(Beginning of Records provided)

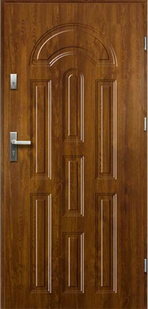 Dveře o tloušťce 55 mm jsou vyrobeny z ocelového plechu potaženého dekorativní fólií odolnou proti UV záření se strukturou a barvou dřeva (případně v barevném provedení).Výplň dveří tvoří deska z pěnového polystyrenu. Dveře jsou vybaveny dvěma nezávislými tříbodovými zámky, třemi nastavitelnými panty a čepy proti vypáčení a vylomení. Mají také těsnění v rámu a prahu.
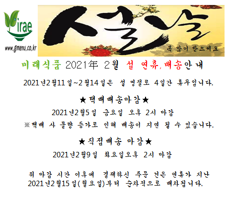 2021년 2월 설 연휴,배송안내
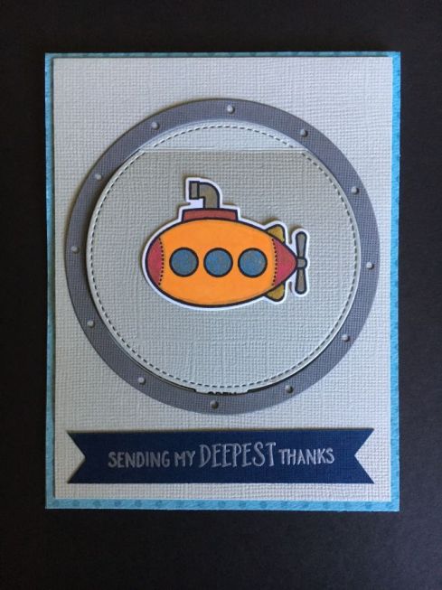 This card was very fun to make. I die-cut the round flap, making a window in the top piece of grey cardstock. I colored my cast of characters with Copic markers and created the scene with the sea creatures in a layer underneath on light blue cardstock and adhered it behind the opening in the grey cardstock. I added the porthole frame around the circle flap and stamped “open” on the flap tab. The tab can then be tucked into the porthole frame. I colored the submarine image with metallic gel pens and adhered it to the outside of the flap. I then stamped and heat embossed the sentiment, adhering it to the bottom of the front panel. I then adhered the grey cardstock to the polka-dot, top fold card base. As always, Lawn Fawn has produced some great stamps and dies to create scenes with. I’m only getting started! Thanks for visiting.
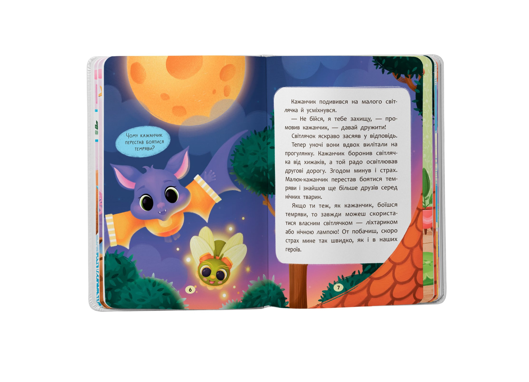 Ця книга стане чудовим другом вашій дитині у подоланні страхів. Завдяки цікавим історіям та милим героям, вона покаже, як визначити, що саме лякає, і як з цим впоратися. Разом із героями малюк навчиться краще розуміти свої емоції, знаходити сміливість, розвивати впевненість у собі та почуття безпеки.
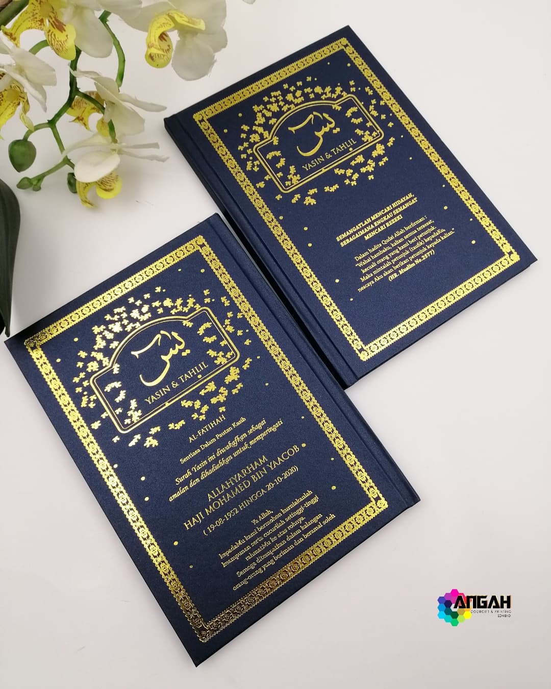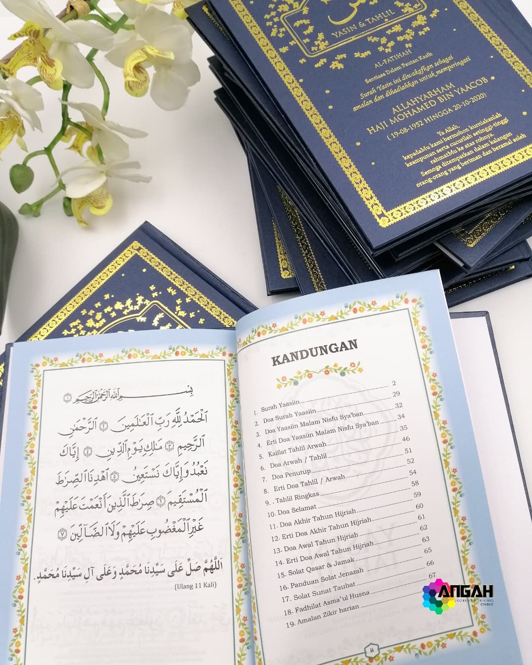 Untuk tempahan buku yasin custom, anda boleh terus click di sini or whatsapp kami 0192520041, atau terus ke showroom kami dengan waze: Angah Doorgift And Printing Sdn Bhd.
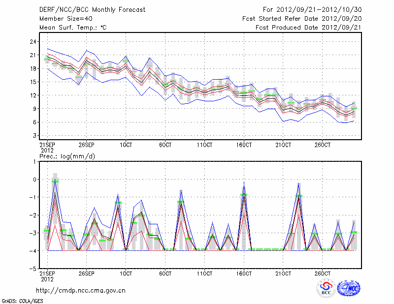 若 羌 (LAT:39.03 LON:88.17) 2012-09-21        预测
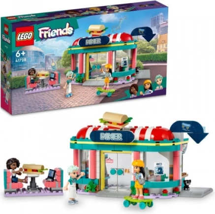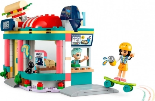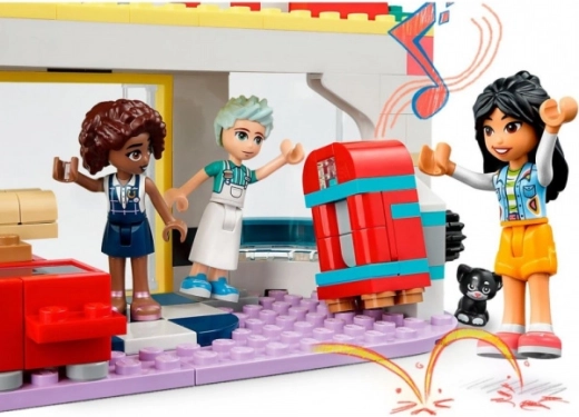 Vytvorte si vlastnú reštauráciu s farebnou súpravou LEGO Friends Bar v centre Heartlake, ktorá prináša drive‑thru okienko, vonkajšie sedenie, herný automat a pohyblivý jukebox. Deti si užijú prípravu sendvičov z chladničky, obsluhu zákazníkov aj jazdu na skateboarde – a možno príde aj prefíkaná mačka na návštevu!
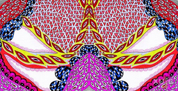 《幾何花斑》靈感來(lái)源于萬(wàn)花筒,回憶起小時(shí)候的玩具一定有它,運(yùn)用了一些幾何圖形,圖案的流線形創(chuàng)造出一些神秘色彩,追憶孩童時(shí)代的樂(lè)趣。色塊集合的一幅作品,色彩偏紫紅營(yíng)造神秘感。
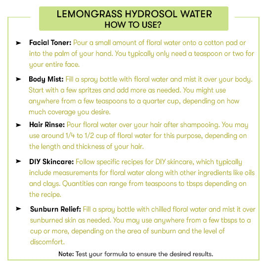 Lemongrass Hydrosol can be incorporated in bath care products and massage creams as it helps to banish pain from your muscles and joints. Overall, it is a great ingredient for personal care and skincare products. You may also incorporate Lemongrass Water in hair care products due to its fresh and inviting aroma.
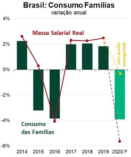 A principal medida é o auxílio emergencial, que atinge 64,5 milhões de pessoas e injetará mais de R$ 250 bilhões no orçamento das famílias nesse ano, equivalente a cerca de 5,2% do gasto anual com consumo.
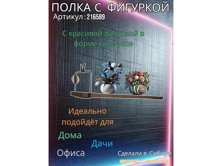 В корзину Купить в 1 клик Полка с фигуркой кроликов "ABILOVE-216589" размер 10х60см ,черный ,венге
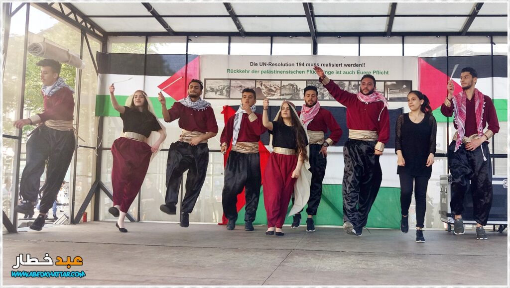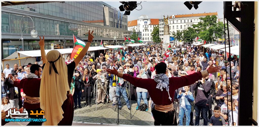 On 12 May, the Palestinian Committee to Commemorate the Nakba held a large festival in Hermannplatz with a full day of booths, speakers and cultural performances, including cultural dances performed by the Al-Awda Dabkeh Troupe. The event included an audio message from Archbishop Attallah Hanna in Palestine, saluting the participants and organizers and urging the continuation of the Palestinian struggle. Hundreds of people participated in the festival throughout the day, including Palestinian community members and solidarity activists.

(End of Records provided)

# Problem to work on
An exact copy of the entries, without any pictures, is what the answer should be.

# Exercise solution
 Dveře o tloušťce 55 mm jsou vyrobeny z ocelového plechu potaženého dekorativní fólií odolnou proti UV záření se strukturou a barvou dřeva (případně v barevném provedení).Výplň dveří tvoří deska z pěnového polystyrenu. Dveře jsou vybaveny dvěma nezávislými tříbodovými zámky, třemi nastavitelnými panty a čepy proti vypáčení a vylomení. Mají také těsnění v rámu a prahu.
 2021년 2월 설 연휴,배송안내
 This card was very fun to make. I die-cut the round flap, making a window in the top piece of grey cardstock. I colored my cast of characters with Copic markers and created the scene with the sea creatures in a layer underneath on light blue cardstock and adhered it behind the opening in the grey cardstock. I added the porthole frame around the circle flap and stamped “open” on the flap tab. The tab can then be tucked into the porthole frame. I colored the submarine image with metallic gel pens and adhered it to the outside of the flap. I then stamped and heat embossed the sentiment, adhering it to the bottom of the front panel. I then adhered the grey cardstock to the polka-dot, top fold card base. As always, Lawn Fawn has produced some great stamps and dies to create scenes with. I’m only getting started! Thanks for visiting.
 Ця книга стане чудовим другом вашій дитині у подоланні страхів. Завдяки цікавим історіям та милим героям, вона покаже, як визначити, що саме лякає, і як з цим впоратися. Разом із героями малюк навчиться краще розуміти свої емоції, знаходити сміливість, розвивати впевненість у собі та почуття безпеки.
 Untuk tempahan buku yasin custom, anda boleh terus click di sini or whatsapp kami 0192520041, atau terus ke showroom kami dengan waze: Angah Doorgift And Printing Sdn Bhd.
 若 羌 (LAT:39.03 LON:88.17) 2012-09-21        预测
 Vytvorte si vlastnú reštauráciu s farebnou súpravou LEGO Friends Bar v centre Heartlake, ktorá prináša drive‑thru okienko, vonkajšie sedenie, herný automat a pohyblivý jukebox. Deti si užijú prípravu sendvičov z chladničky, obsluhu zákazníkov aj jazdu na skateboarde – a možno príde aj prefíkaná mačka na návštevu!
 《幾何花斑》靈感來(lái)源于萬(wàn)花筒,回憶起小時(shí)候的玩具一定有它,運(yùn)用了一些幾何圖形,圖案的流線形創(chuàng)造出一些神秘色彩,追憶孩童時(shí)代的樂(lè)趣。色塊集合的一幅作品,色彩偏紫紅營(yíng)造神秘感。
 Lemongrass Hydrosol can be incorporated in bath care products and massage creams as it helps to banish pain from your muscles and joints. Overall, it is a great ingredient for personal care and skincare products. You may also incorporate Lemongrass Water in hair care products due to its fresh and inviting aroma.
 A principal medida é o auxílio emergencial, que atinge 64,5 milhões de pessoas e injetará mais de R$ 250 bilhões no orçamento das famílias nesse ano, equivalente a cerca de 5,2% do gasto anual com consumo.
 В корзину Купить в 1 клик Полка с фигуркой кроликов "ABILOVE-216589" размер 10х60см ,черный ,венге
 On 12 May, the Palestinian Committee to Commemorate the Nakba held a large festival in Hermannplatz with a full day of booths, speakers and cultural performances, including cultural dances performed by the Al-Awda Dabkeh Troupe. The event included an audio message from Archbishop Attallah Hanna in Palestine, saluting the participants and organizers and urging the continuation of the Palestinian struggle. Hundreds of people participated in the festival throughout the day, including Palestinian community members and solidarity activists.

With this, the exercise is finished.